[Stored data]
▼▼▼
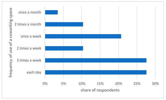 Less than one third (28%) of the respondents indicate that they are using coworking spaces each day. The same amount of people state that they are using the coworking space 3 days a week. Nearly one third (31%) of people are using coworking spaces 1 or 2 times a week. And 14% are using a coworking space 1 or times in a month (n = 29) (Figure 2).
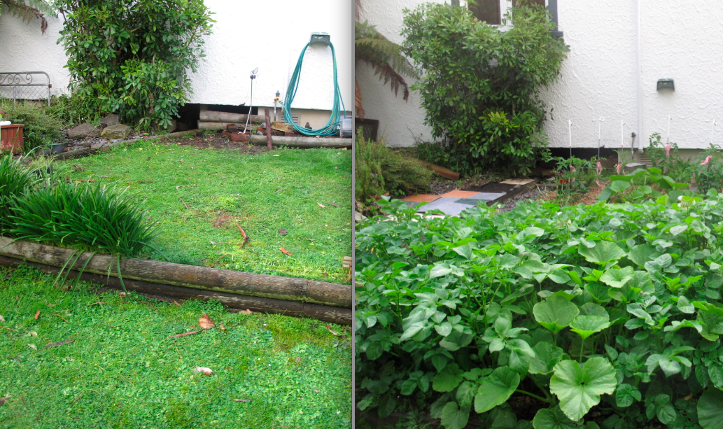 Another example of four-dimensional design is the lazy conversion of lawn into vege garden.
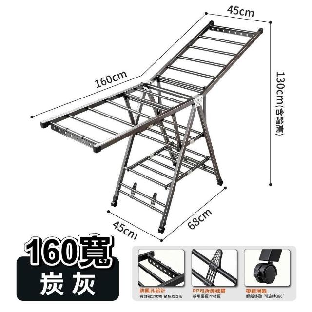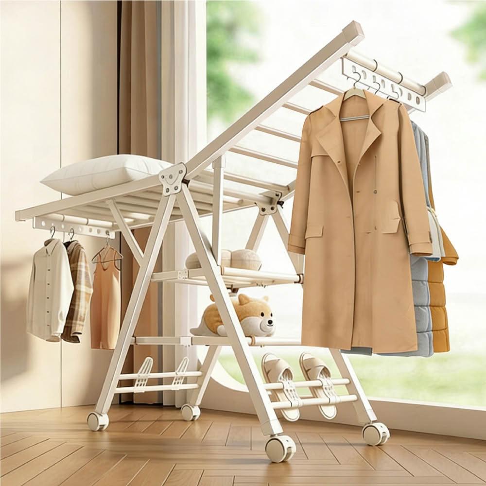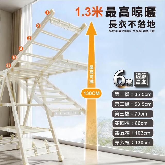 ANDYMAY2艾加蝶翼型加大三層折疊附輪曬衣架(晾衣架 曬衣架 衣架 曬衣桿 伸縮晾衣架 掛衣架)
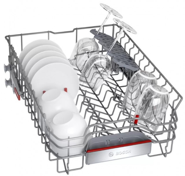 Система регулировки верхней корзины Rackmatic позволяет настроить внутреннее пространство в соответствии с вашими текущими потребностями. Система позволяет менять настройку корзины на разной высоте, а выбранное положение можно легко изменить, даже когда корзина заполнена. Благодаря этому вы можете адаптировать интерьер к своим потребностям, в том числе для очень высоких тарелок в нижней корзине или высоких стаканов или кружек в верхней корзине.
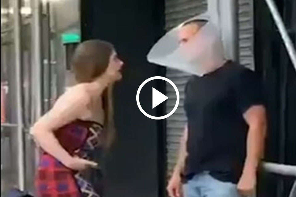 Se viralizó un video que muestra como una mujer, tras un ataque de celos, le pone el conocido "cono de la vergüenza" a su pareja.
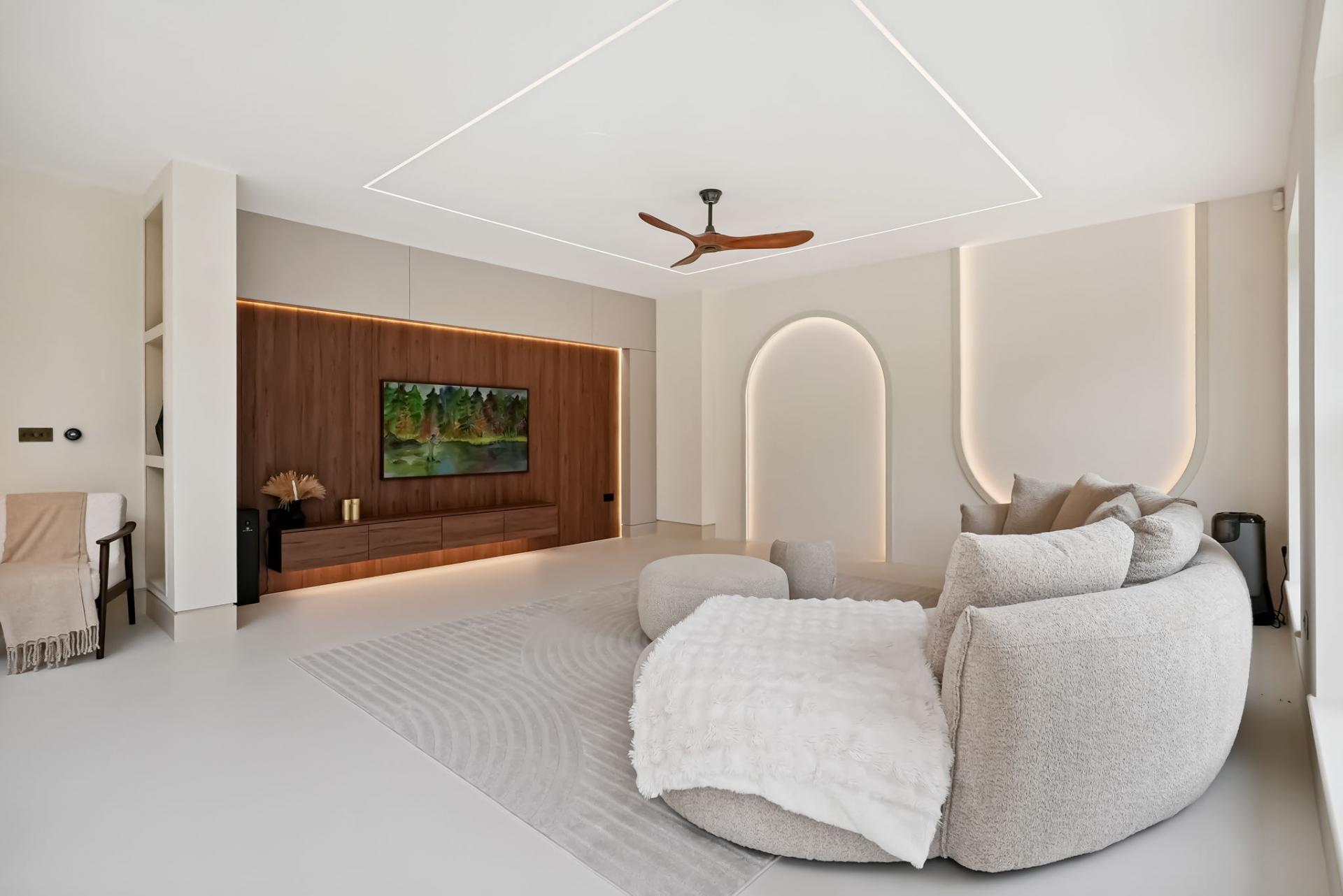 At the heart of the home is the incredible open-plan kitchen/dining/living space. Designed with entertaining and family life in mind, the kitchen is fitted with a high-end, custom-designed range of ‘Nolte’ units and ‘Siemens’ appliances, including two dishwashers, an espresso machine, smart ovens, and a vented induction hob. An impressive island unit is crowned by pendant lighting, while a curved ‘Halo’ LED ceiling feature with circular skylight defines the dining area. The adjoining lounge features elegant cashmere and walnut décor and concealed cabinetry, creating a serene, sophisticated living space.
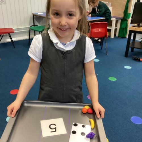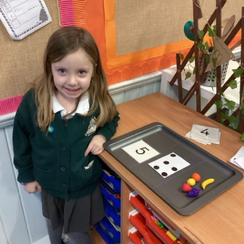 Maths We have been practising counting accurately and remembering to stop at the 'stopping' number. We have also looked at different ways of representing a number, for example with numerals, dot patterns and sets of objects. Next week we will build on this by looking at and describing different arrangements of up to 5 dots.
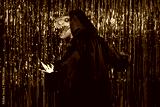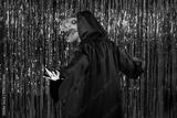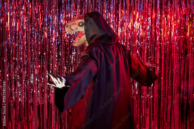 Portrait of person wearing dinosaur mask and black carnival costume with hood having fun on festive red foil background celebrating Halloween party. Horror and celebration concept.
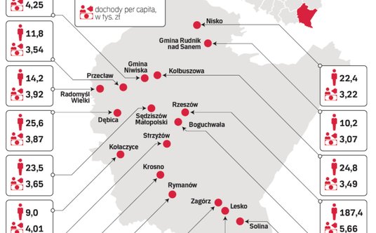 Co ciekawe, dobre wyniki podkarpackim samorządom udaje się osiągać pomimo niezbyt wysokich dochodów. Wpływy do budżetu sporej części laureatów naszego rankingu nie przekraczają 4 tys. zł na jednego mieszkańca, tymczasem średnia w Polsce to 4,58 tys zł. W województwie nie działa bowiem zbyt wiele dużych firm, która nakręcałyby lokalną gospodarkę na tyle mocno, by dynamicznie rosły i wynagrodzenia mieszkańców, i dochody samorządów. Mimo to lokalnym władzom udaje się dosyć efektywnie dzielić to, co mają, tak, by starczyło na wszystko.
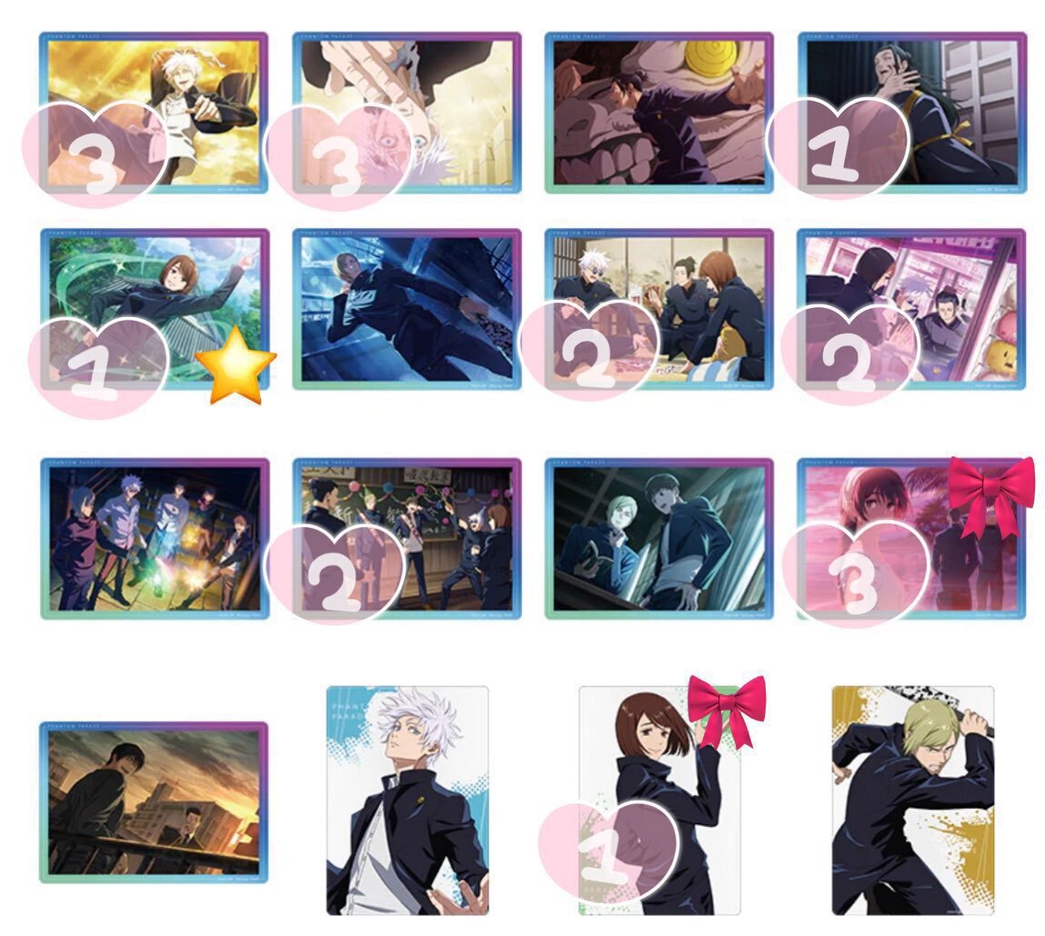 <交換・譲渡>呪術廻戦 ファントムパレード クリアカード 懐玉・玉折 ファンパレ 【譲】 画像記載数 【求】 各440円+送料 無印は🎀>⭐️同数含むのみ 郵送📮 pic.x.com/SpR3tFrbWM
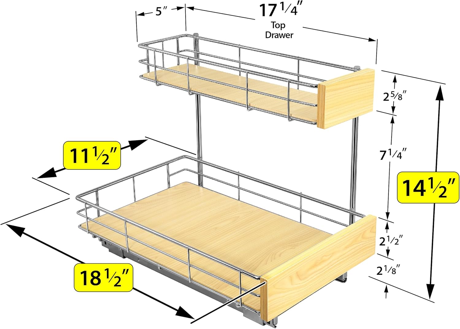 LYNK PROFESSIONAL® SELECT™ Pull Out Under Sink Kitchen Cabinet Organizer - 11.5 in. x 18 inch deep Drawer - Sliding Shelf Organizer and Undersink Storage Shelves - Lifetime Ltd. Warranty – Chrome
▲▲▲
## Your objective
Pictures stay out. Print the lines of the records above exactly, from the first through the one with "Another example of".

## Finished task
 Less than one third (28%) of the respondents indicate that they are using coworking spaces each day. The same amount of people state that they are using the coworking space 3 days a week. Nearly one third (31%) of people are using coworking spaces 1 or 2 times a week. And 14% are using a coworking space 1 or times in a month (n = 29) (Figure 2).
 Another example of four-dimensional design is the lazy conversion of lawn into vege garden.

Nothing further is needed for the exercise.